Болеро Равеля. Неожиданный финал
Шрифт:
Я думал, что Никита осадит машину, увидев вскинутые навстречу автоматы замостных часовых, – но он лишь выбросил через окно серебристый жетон. Спешно козырнув, стрелки пропустили нас, а затем бросились под защитный колпак.
Вертолет почему-то отстал, – возможно, подбитый, – зато, утробно громыхая, над увитой виноградом стенкою явился поезд метро. Мы шутя догнали и обошли его: ходивший лишь в часы "пик" паралитик-состав с выбитыми стеклами тащился, разбухнув от народа, даже на крышах сидели и лежали.
За обочиной частили стволы красно-рыжих рощ, уносились побуревшие газоны, теннисные корты, веранды нарядных белых домов. Концессионная зона отдыха… Какие-то счастливые люди неспешно ехали на конях, он и она, в цилиндрах, одетые как для конкура. И не глянули с высоты седел…
Обольянинов и тут рассчитал правильно. Вертолет над мостом не подбили: подальше облетев зенитные
За лесом, за голубыми заливами, где, как встарь, сверкали чистотою заново просеянные пляжи, долго еще был виден нам столб копоти.
День прошел в неистовой гонке. То по разбитому, долгие годы не ремонтированному асфальту (о, какие горячие ножи вонзались при каждом прыжке машины в мой несчастный затылок!), то по идеальному шоссе в концессионных зонах, а порою и по вязкому чавкающему проселку, по черепкам и доскам, вдавленным в грязь, сквозь нескончаемый дождь вел Никита тяжелый "хорьх" к неведомой цели. Под Броварами мы заправились на валютной, охраняемой пулеметчиками, бензоколонке, причем Елизавета расплатилась чеком; без особых задержек пересекли государственную границу Киевской республики; а в лесочке неподалеку от Галицы, уже в государстве Черниговском, под вечер устроили привал.

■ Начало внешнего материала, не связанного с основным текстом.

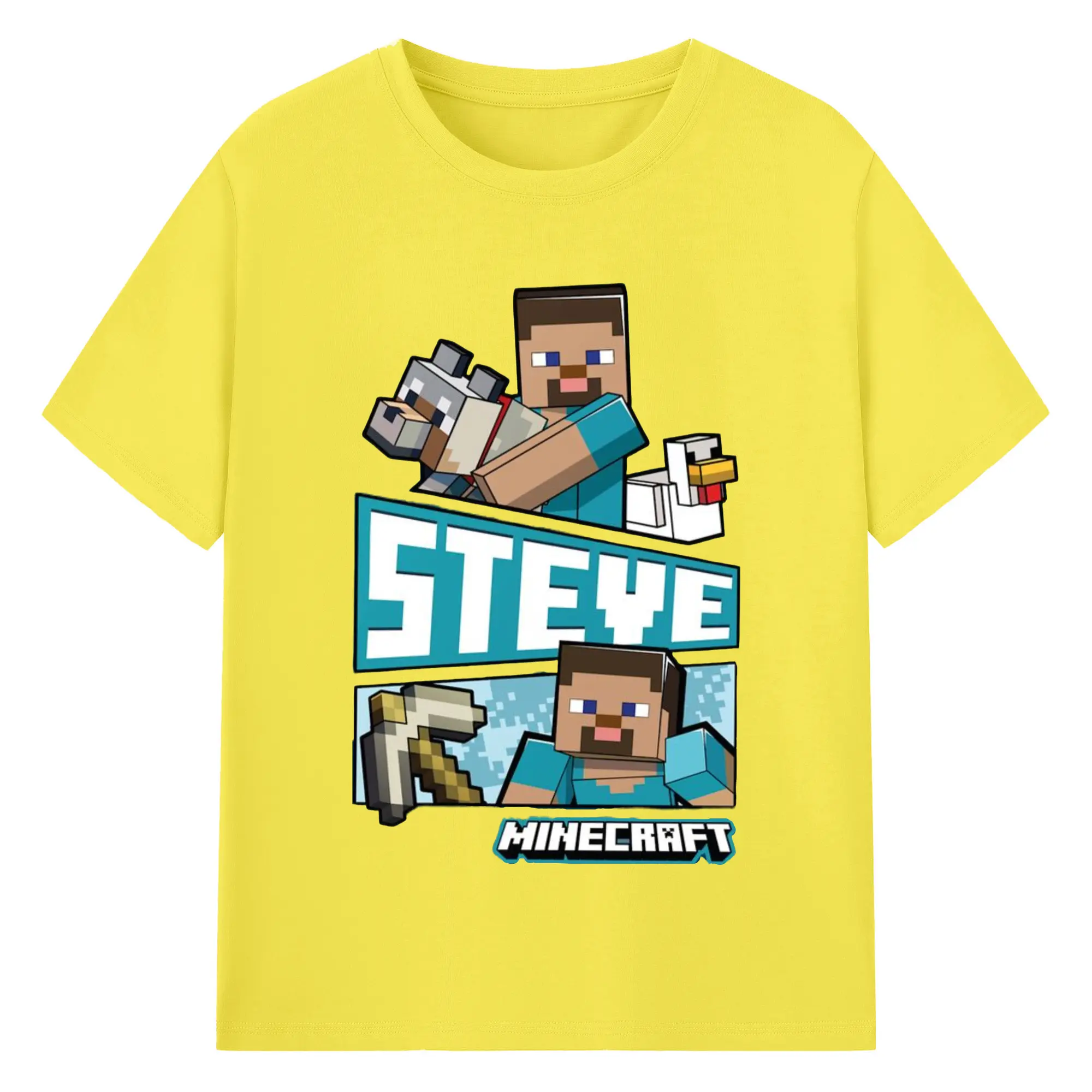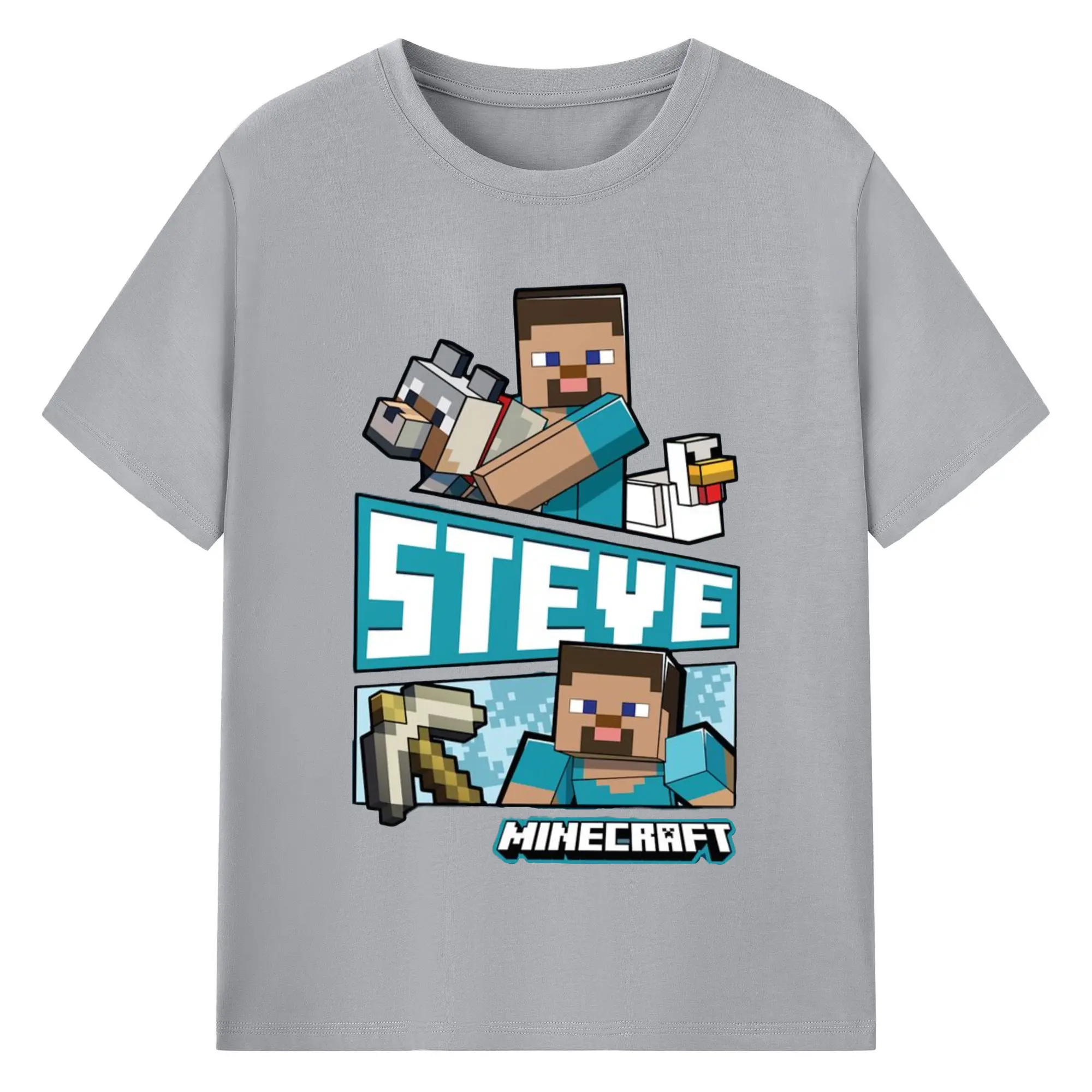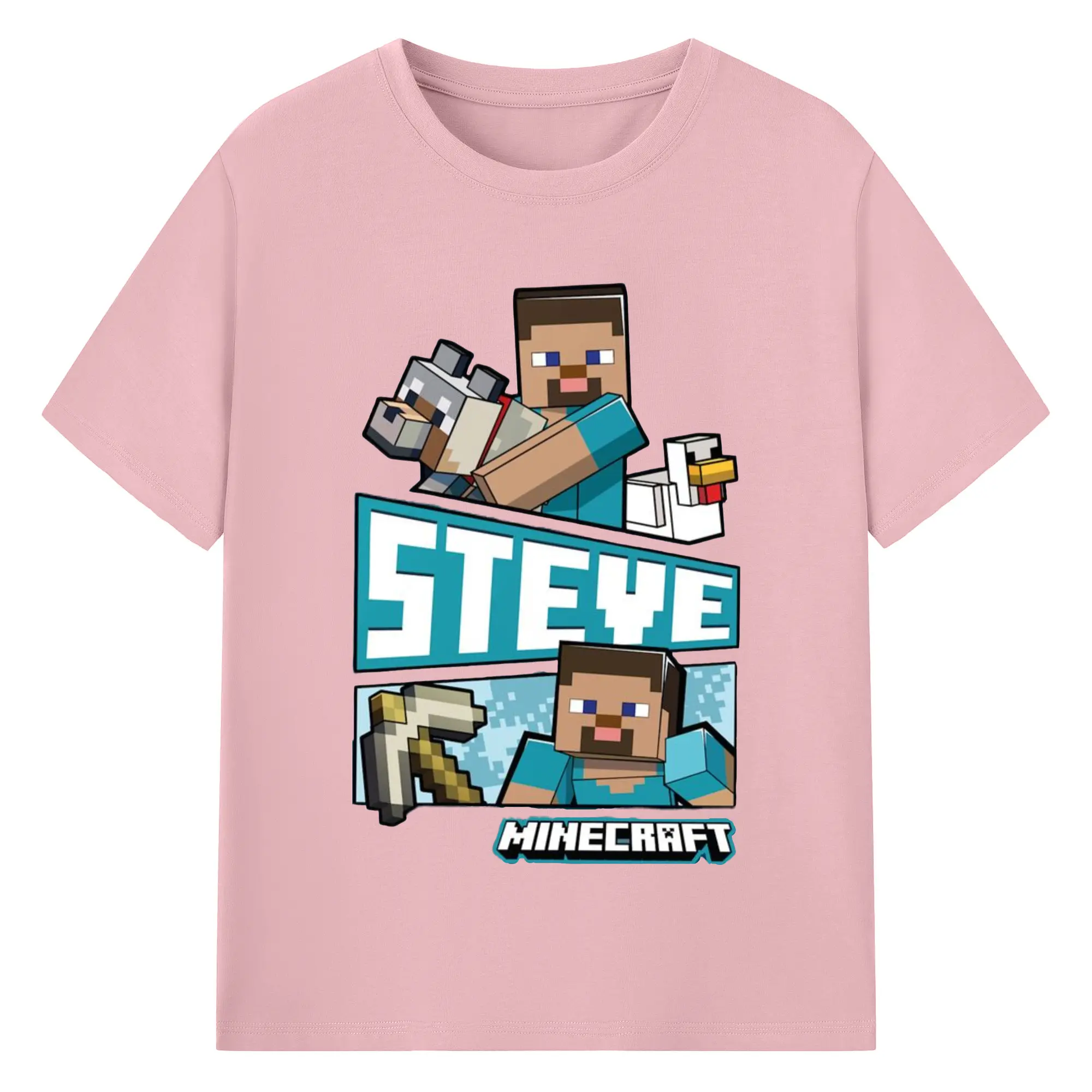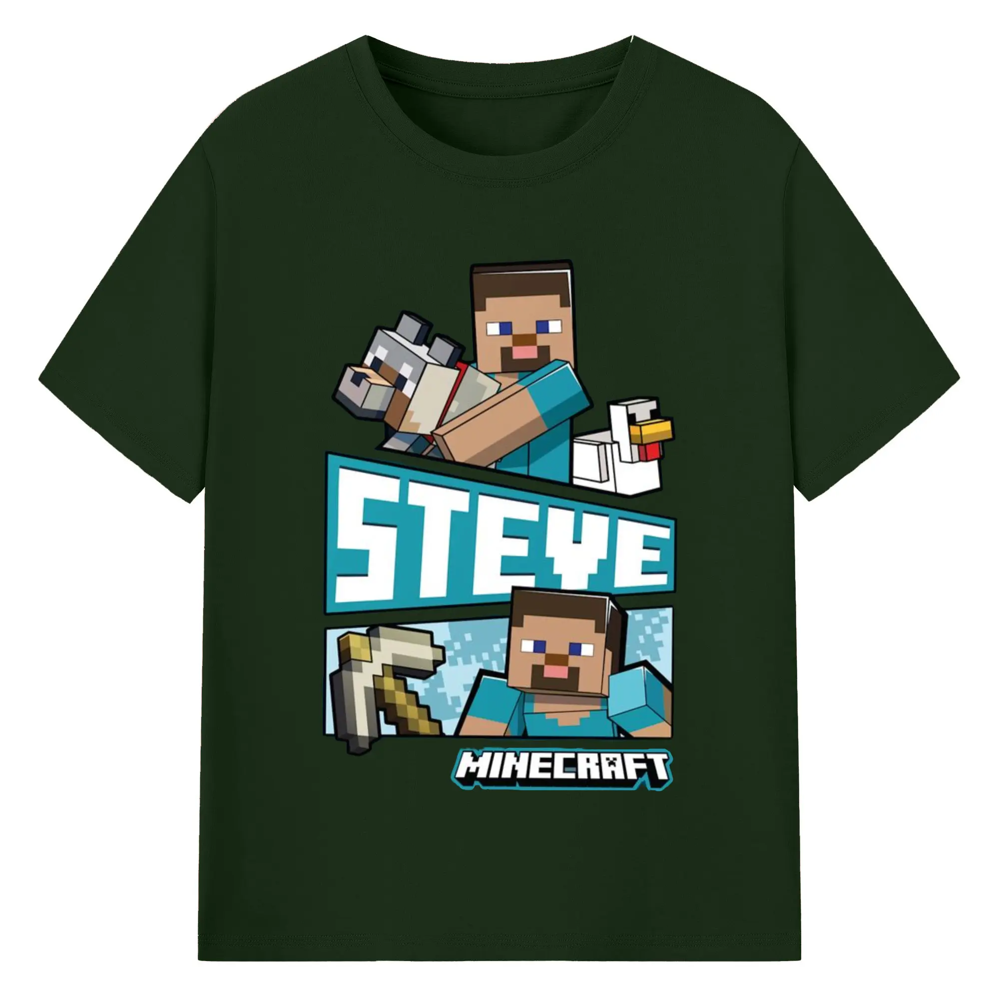 Minecraft steve collage shirt - 180g Cotton T-Shirt With Front Heat Transfer Print – Soft, Lightweight, Fitted Design – Comfortable Casual Wear For Sports & Everyday Use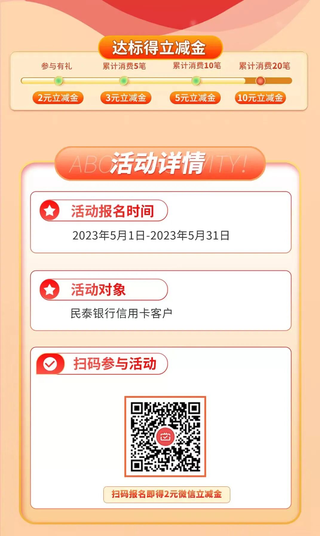这张卡就是“民泰银行信用卡”你有吗?一、活动时间2023年5月1日-2023年5月31日二、活动对象民泰银行信用卡客户三、活动攻略 1、扫码参与20元微信立减金活动,第一次直接领2元,后面需要通过刷卡完成任务;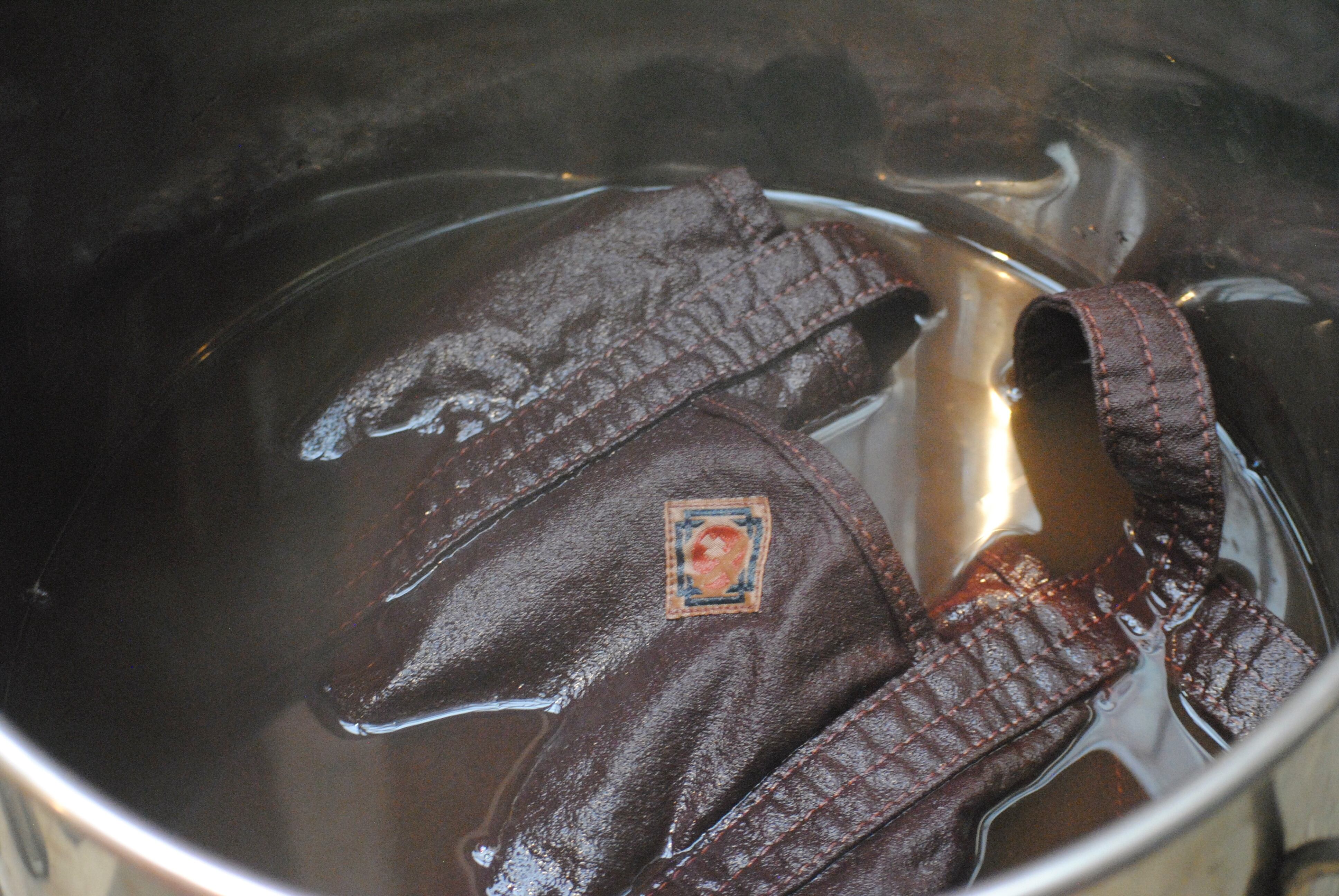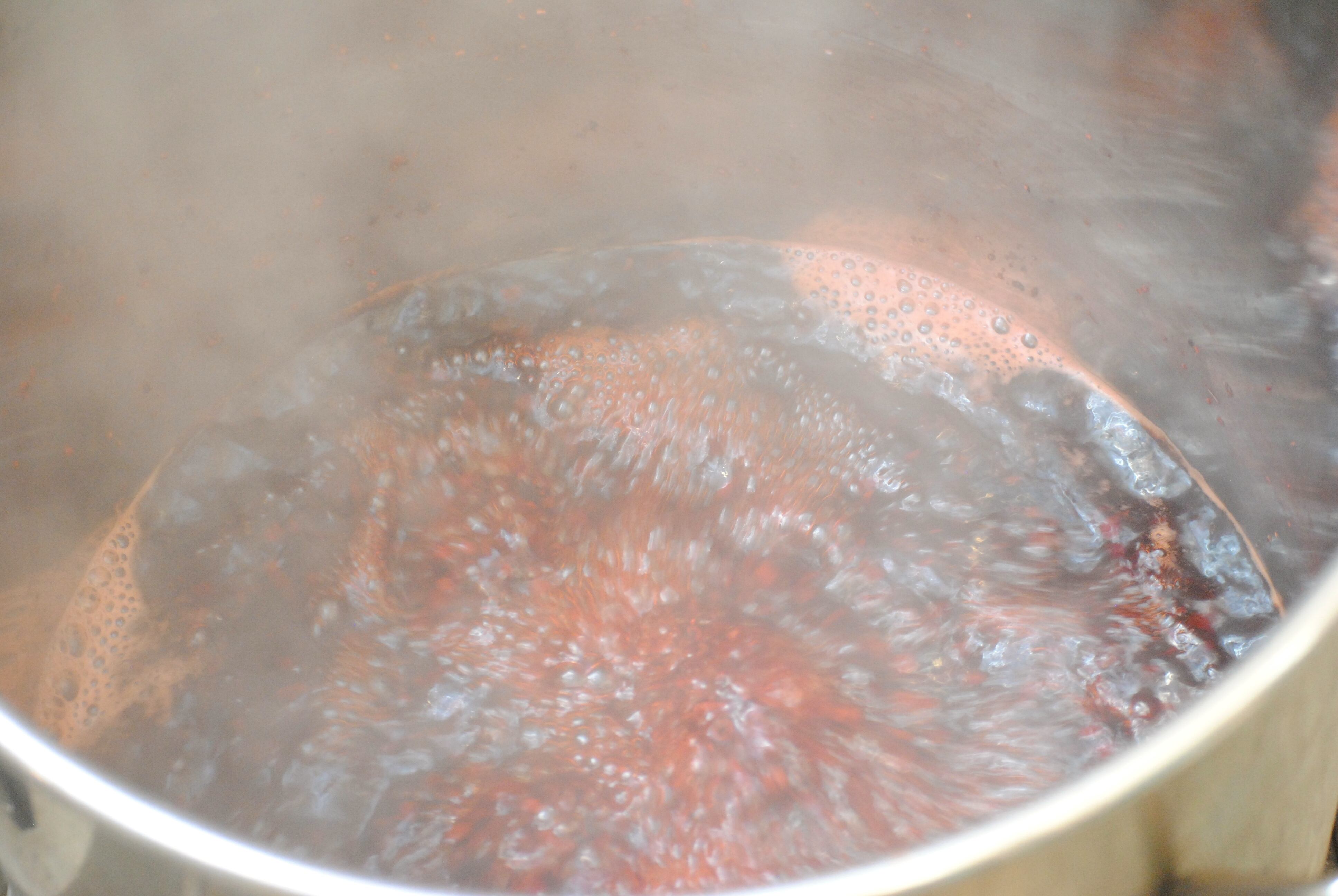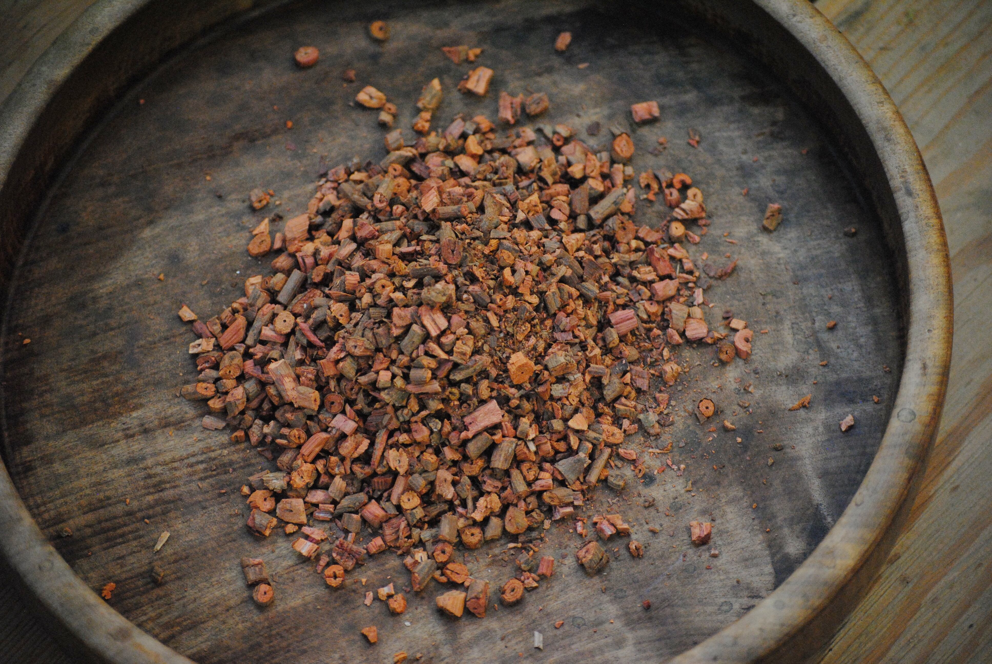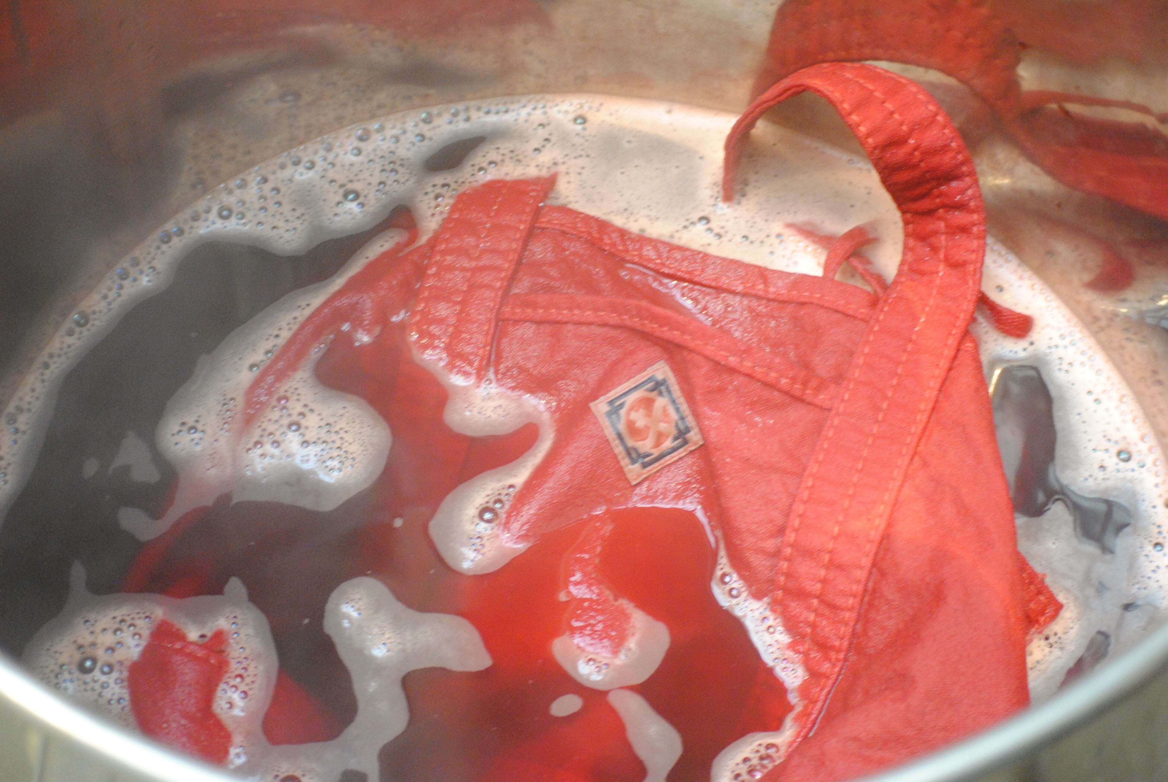 染色は、染料に植物の「茜」の根を乾燥させたものを使用しており、何度も煮出して染液を作ります。ゆっくりと時間をかけて染色した後に、鉄媒染をし、再度染色しています。

В высоте немного развиднелось… Из объемистого багажника наш водитель и защитник извлек пару кожаных саквояжей самого старинного вида. На относительно сухом месте под раскидистым тополем мы постелили брезент, поверх него развернули ломкую белоснежную скатерть, и Елизавета с Никитою стали "накрывать на стол". Словно лопались жесткие обручи, годами стискивавшие мою грудь, и становилось легче дышать, когда я смотрел, как Никита жестами тороватого хозяина достает из бархатных гнезд и расставляет алмазной грани бокалы, тарелки с бледно-отчетливым рисунком цветочных гирлянд, раскладывает серебряные с чернью массивные приборы. Из второго саквояжа явились нашим ошалелым глазам и окорок смугло-розовый, со спиралью нежной белизны, и желтый плачущий балык, и пирог, под лезвием обнаживший многие слои мяса, рыбы, яиц с луком, и пузатые бутылки, полные будто бы светлой крови… Черт, как он щедро пластал все это тесаком! Боги, как сладострастно мы все это пожирали! Какими мы разом стали учтивыми, с какой церемонностью поднимали тосты друг за друга! Даже Стана, осторожно вынесенная Георгием, оживилась, и Елизавета, кое-что смыслившая в медицине, решила, что девушке не помешает бокал вина. Затем Никита сделал вещь совершенно неожиданную: достав плоскую коробочку с каким-то, эмалью по белому изображенным, генералом в треуголке, открыл ее и душистым пряным табаком любовно зарядил обе ноздри. Чих его был орудийным… То же проделал и я – Георгий не решился. Вслед за встряскою, произведенной в мозгу едким и густо-сладким запахом, сокрушительно чихнув, я почувствовал необычайную свежесть и прояснение ума, словно и не было за спиною целодневной изнурительной дороги.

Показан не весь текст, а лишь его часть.